### Task brief
Please take the lines from the one holding "Sex Underwear Women's" through the one holding "Disfraz de preso" in the data below and copy them exactly.

##### Recorded information #####

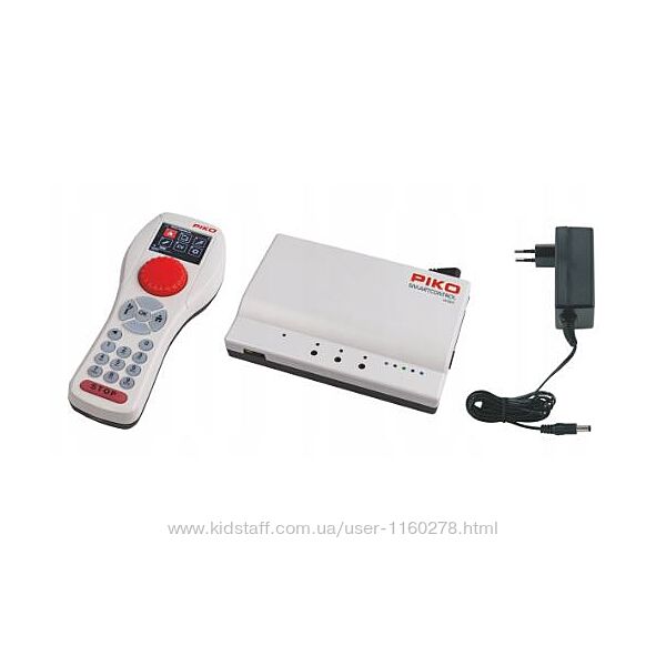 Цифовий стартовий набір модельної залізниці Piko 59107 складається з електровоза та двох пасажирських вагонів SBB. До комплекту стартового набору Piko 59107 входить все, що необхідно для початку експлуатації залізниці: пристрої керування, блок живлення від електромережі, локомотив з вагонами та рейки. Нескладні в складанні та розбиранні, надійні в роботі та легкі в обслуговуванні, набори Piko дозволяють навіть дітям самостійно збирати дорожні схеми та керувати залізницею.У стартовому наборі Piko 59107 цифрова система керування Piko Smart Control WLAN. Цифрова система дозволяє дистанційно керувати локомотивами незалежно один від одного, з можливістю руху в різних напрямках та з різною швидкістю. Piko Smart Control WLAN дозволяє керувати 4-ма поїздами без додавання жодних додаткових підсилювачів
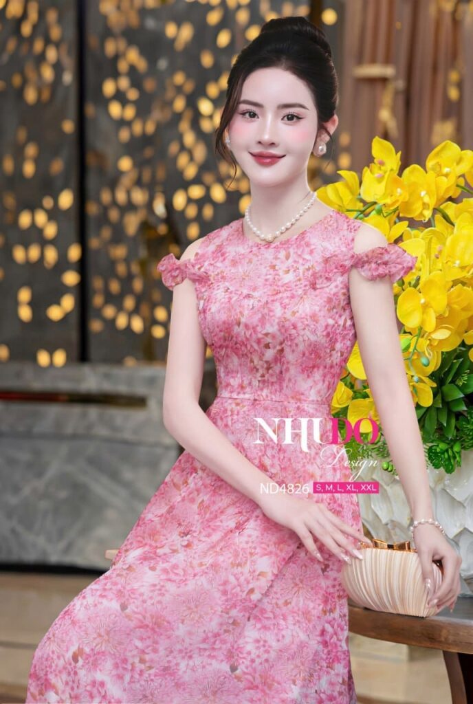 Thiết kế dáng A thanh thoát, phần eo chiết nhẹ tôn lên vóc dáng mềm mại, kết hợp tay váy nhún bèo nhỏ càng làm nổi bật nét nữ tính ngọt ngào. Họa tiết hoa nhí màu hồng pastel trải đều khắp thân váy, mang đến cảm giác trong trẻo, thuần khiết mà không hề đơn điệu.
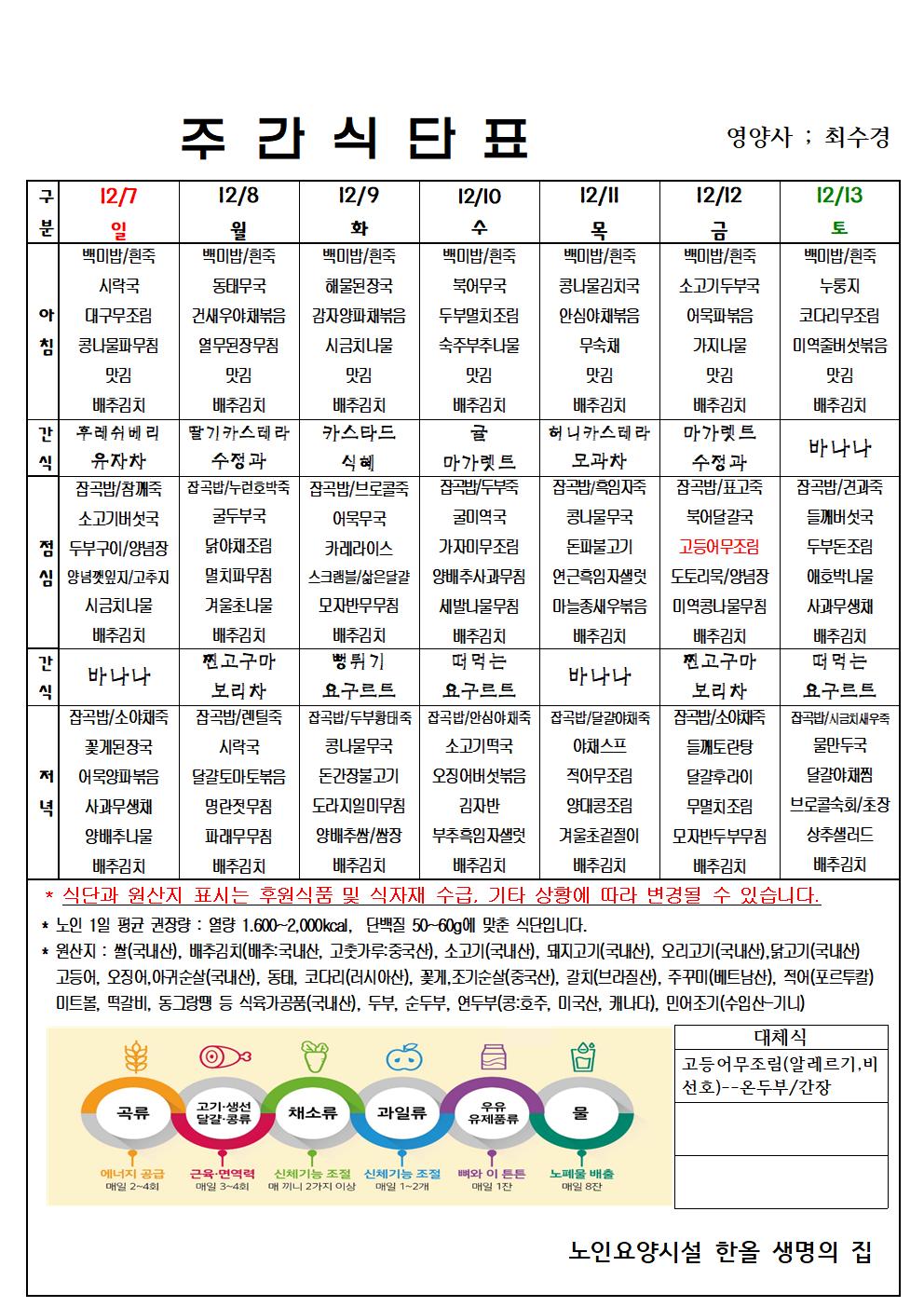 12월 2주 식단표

#####
##### Recorded information #####

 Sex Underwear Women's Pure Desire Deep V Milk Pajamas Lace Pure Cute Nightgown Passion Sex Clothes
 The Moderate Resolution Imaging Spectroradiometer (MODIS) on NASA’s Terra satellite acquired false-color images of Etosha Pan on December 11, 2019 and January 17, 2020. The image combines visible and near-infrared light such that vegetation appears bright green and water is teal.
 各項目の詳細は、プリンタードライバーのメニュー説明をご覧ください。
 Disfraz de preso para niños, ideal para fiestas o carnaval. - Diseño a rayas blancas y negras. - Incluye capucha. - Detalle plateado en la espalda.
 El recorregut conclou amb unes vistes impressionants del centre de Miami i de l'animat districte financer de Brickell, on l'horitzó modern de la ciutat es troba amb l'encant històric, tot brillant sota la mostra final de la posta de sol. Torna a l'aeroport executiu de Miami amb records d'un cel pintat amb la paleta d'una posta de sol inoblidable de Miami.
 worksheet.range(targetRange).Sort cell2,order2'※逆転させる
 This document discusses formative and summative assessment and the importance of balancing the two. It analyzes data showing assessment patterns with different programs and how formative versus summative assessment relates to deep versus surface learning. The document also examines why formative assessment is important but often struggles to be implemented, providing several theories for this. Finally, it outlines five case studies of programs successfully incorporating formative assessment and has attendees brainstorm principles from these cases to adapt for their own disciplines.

#####
##### Recorded information #####

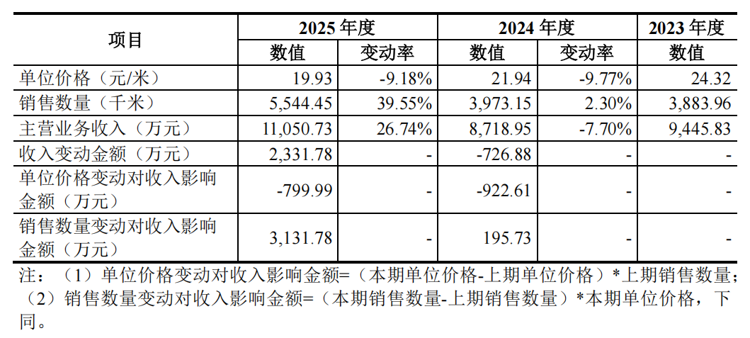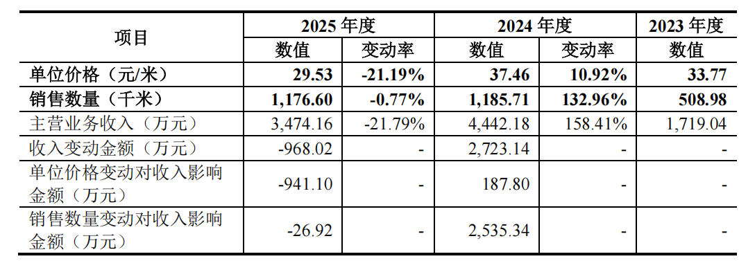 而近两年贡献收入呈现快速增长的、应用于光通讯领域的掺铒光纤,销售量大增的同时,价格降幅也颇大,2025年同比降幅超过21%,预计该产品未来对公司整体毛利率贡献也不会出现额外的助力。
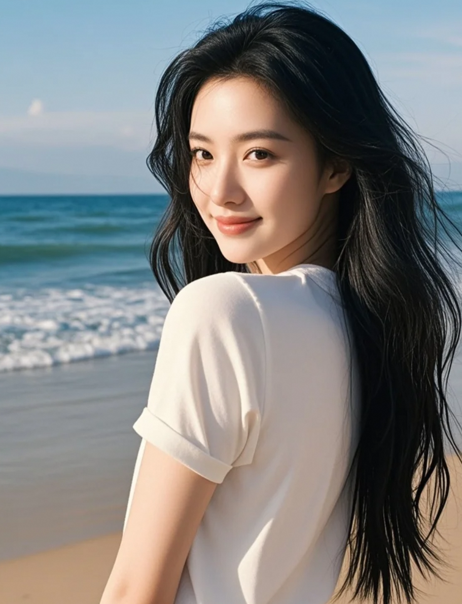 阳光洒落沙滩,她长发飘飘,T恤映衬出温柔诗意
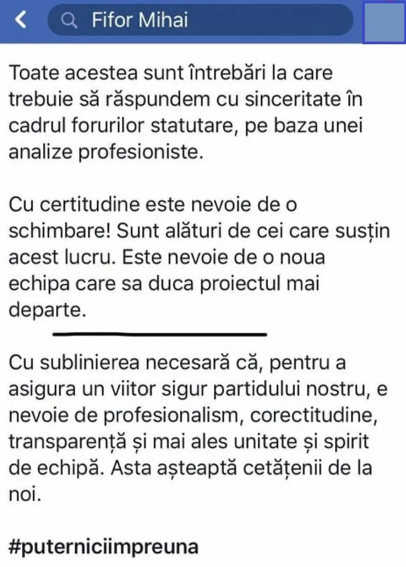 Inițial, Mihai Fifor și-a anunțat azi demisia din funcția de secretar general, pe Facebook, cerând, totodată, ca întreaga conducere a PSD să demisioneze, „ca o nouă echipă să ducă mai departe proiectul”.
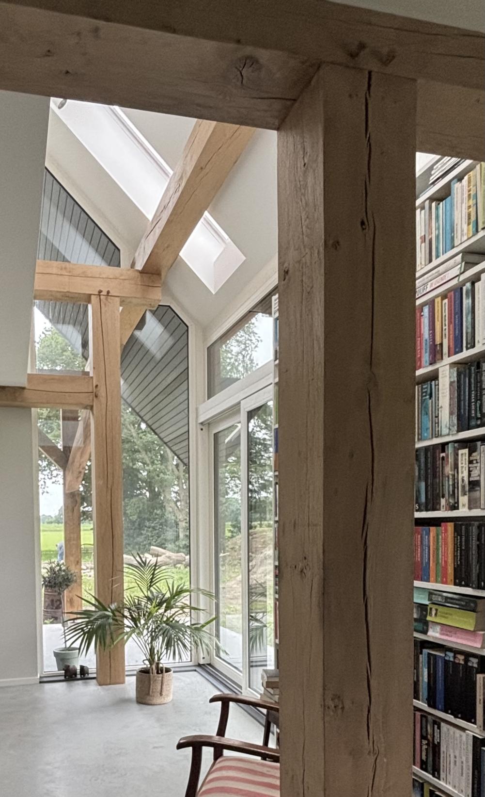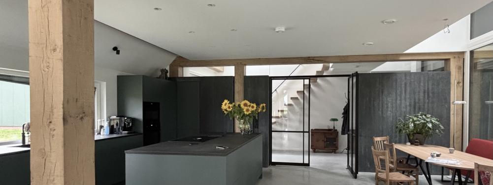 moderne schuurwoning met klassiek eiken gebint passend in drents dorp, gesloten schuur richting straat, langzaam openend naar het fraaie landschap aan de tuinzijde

#####

### Written solution
 Sex Underwear Women's Pure Desire Deep V Milk Pajamas Lace Pure Cute Nightgown Passion Sex Clothes
 The Moderate Resolution Imaging Spectroradiometer (MODIS) on NASA’s Terra satellite acquired false-color images of Etosha Pan on December 11, 2019 and January 17, 2020. The image combines visible and near-infrared light such that vegetation appears bright green and water is teal.
 各項目の詳細は、プリンタードライバーのメニュー説明をご覧ください。
 Disfraz de preso para niños, ideal para fiestas o carnaval. - Diseño a rayas blancas y negras. - Incluye capucha. - Detalle plateado en la espalda.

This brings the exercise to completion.